** Opening ENTRIES SHOWN block **

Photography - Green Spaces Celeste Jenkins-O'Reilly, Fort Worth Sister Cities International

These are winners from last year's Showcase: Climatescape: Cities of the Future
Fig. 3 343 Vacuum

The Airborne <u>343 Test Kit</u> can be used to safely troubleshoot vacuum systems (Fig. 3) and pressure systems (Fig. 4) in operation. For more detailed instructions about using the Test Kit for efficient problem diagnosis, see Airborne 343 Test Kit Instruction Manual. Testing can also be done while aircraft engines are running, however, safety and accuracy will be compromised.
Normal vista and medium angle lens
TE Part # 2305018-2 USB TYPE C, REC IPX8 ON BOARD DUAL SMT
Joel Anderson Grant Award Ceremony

** Closing ENTRIES SHOWN block **
** Opening ENTRIES SHOWN block **

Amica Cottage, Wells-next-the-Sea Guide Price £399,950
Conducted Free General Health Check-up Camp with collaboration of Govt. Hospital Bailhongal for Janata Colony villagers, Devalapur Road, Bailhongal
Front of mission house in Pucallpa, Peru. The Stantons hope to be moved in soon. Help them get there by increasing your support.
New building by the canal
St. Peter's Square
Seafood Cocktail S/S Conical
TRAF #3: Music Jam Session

** Closing ENTRIES SHOWN block **

▶ [TASK DIRECTIONS]:
Using the data above, reproduce exactly the lines from the line that contains "The Airborne <u>343" through the line that contains "Joel Anderson Grant Award Ceremony", including both.

▶ [SOLUTION TO THE EXERCISE]:
The Airborne <u>343 Test Kit</u> can be used to safely troubleshoot vacuum systems (Fig. 3) and pressure systems (Fig. 4) in operation. For more detailed instructions about using the Test Kit for efficient problem diagnosis, see Airborne 343 Test Kit Instruction Manual. Testing can also be done while aircraft engines are running, however, safety and accuracy will be compromised.
Normal vista and medium angle lens
TE Part # 2305018-2 USB TYPE C, REC IPX8 ON BOARD DUAL SMT
Joel Anderson Grant Award Ceremony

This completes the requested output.